Let's see if we can go and find a suitably iconic encounter. Okay, here's Lex Luthor over here, and Lex is pretty tough. In the action combat we were talking about, there's no die rolls going on in this game. Everything is basically: I need to hit if I'm going to hit. I have to aim at this person, I have to acquire them as a target, and I need to make sure that I'm active. You know in action games like shooters, where you have those reticles that give an accuracy modifier – you just sit there and lean on the gun, you're spraying all over the place.

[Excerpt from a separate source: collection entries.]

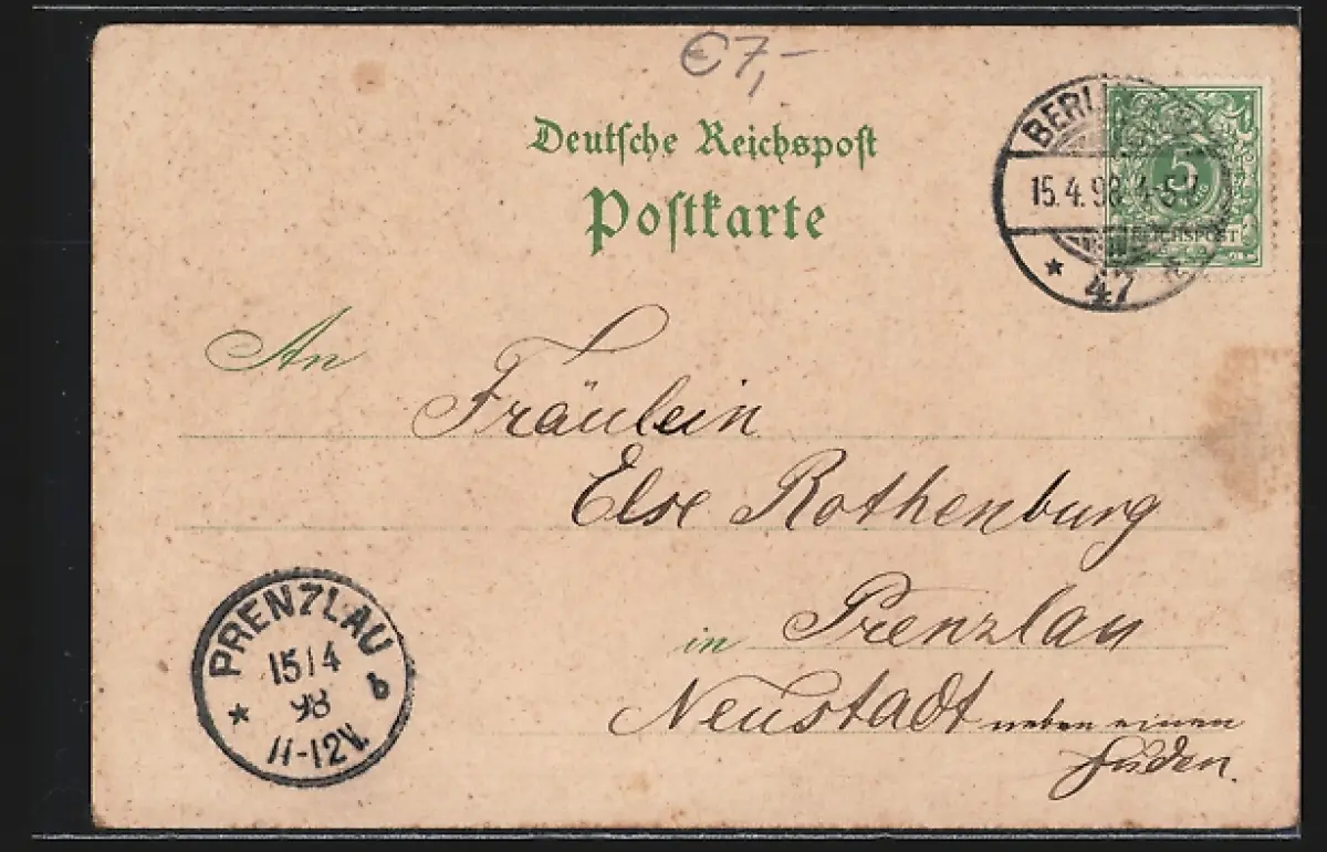 gelaufen 1898, Eckknick oben links, guter Zustand
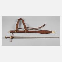 Nordafrika, 20. Jh., Griff aus Holz mit Lederfäden umwickelt, breite Kopfscheibe und Abschluss aus Krokodilleder, Parierstange und Grifflappen aus Eisen, beidseitig geschliffene Klinge mit gravierter arabischer Schrift und eingeschlagenem Muster, Gefäßteile etwas korrodiert, Lederscheide und originales, geflochtenes Tragegeschirr mit Zierprägung, Tragespuren, Z 2, L 100 cm.
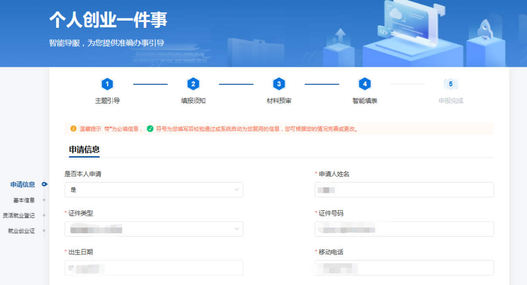 5.点击“下一步”,进入“智能填表”页面。完成后点击“提交”。

That's how we handle our ranged combat as well.

So here, let me actually secure these guys.

On the PC side, does that mean that the experience in ranged combat is going to be similar to an FPS?

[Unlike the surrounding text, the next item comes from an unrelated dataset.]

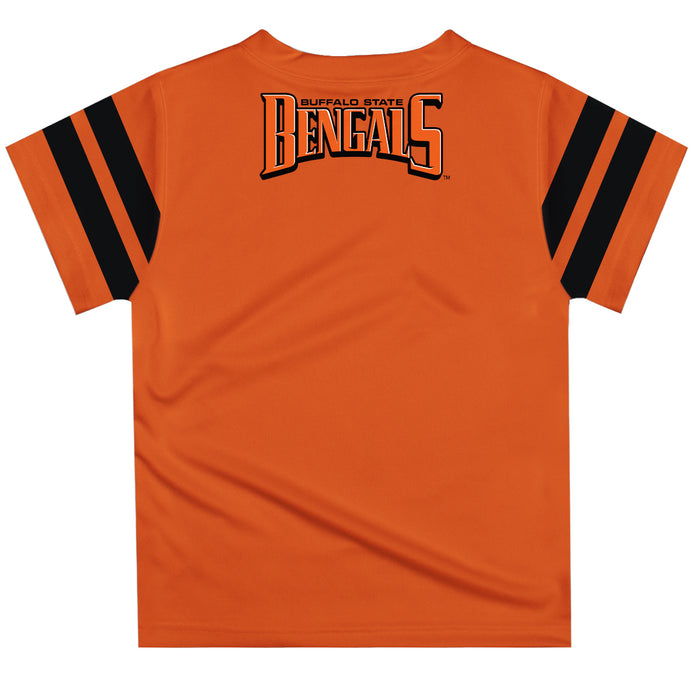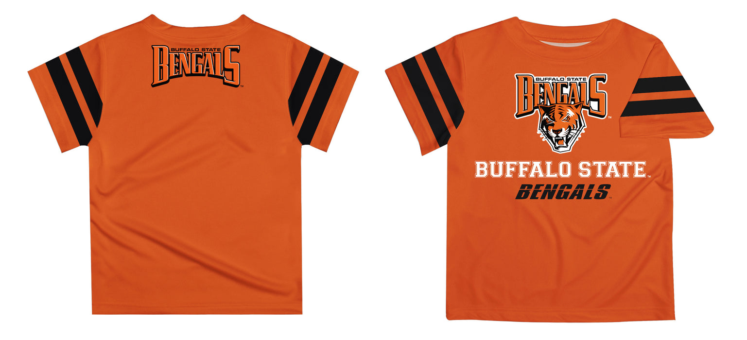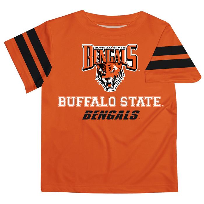 Buffalo State Bengals Vive La Fete Boys GameDay Orange Short Sleeve Tee with Stripes on Sleeves

Jens: Well I can show you the PC action on that right here actually, let me switch over by touching the keyboard and the mouse, and I'm at my PC interface now. I can use these attacks on the PC just like I was just using on the console. Now you can see that I'm clicking on my mouse here to activate the ranged attack. As I do you can see that the reticle is kind of like moving out. I'm at really close range, point blank, so of course I'm not really missing.

But you can actually see here as I shoot, I'm right on the dead reckoning there, but as I shoot more and more, my bullets start spreading out all over the place and my accuracy's going down. Also, just like an FPS, if I'm running my reticle goes out, if I crouch it goes in. So if I have a target over here that I'm locked on to, as I'm moving around you can see that it actually changes. And if I go into flight, it changes even more. My accuracy as I'm flying and moving around is a lot less than if I'm stable on the ground and choosing to shoot.

"We want you to be able to move. We want you to run and gun. That's what makes it feel like there's a lot of action going on. And also, that you're in control of your character. You're not bound by these conventions of having to stand still to cast something."

What that does is it doesn't force a mechanic of 'these ranged guys can't move when they're casting a spell or using a bow and arrow', right? We want you to be able to move. We want you to run and gun. That's what makes it feel like there's a lot of action going on. And also, that you're in control of your character. You're not bound by these conventions of having to stand still to cast something.

Chris: And unlike a FPS, though, you do have target selection. You have a way to keep control of a very complex environment. So it's still free fire, but you can hard lock, so you can actually hit who you need to hit.

Right. It's more third person action than FPS.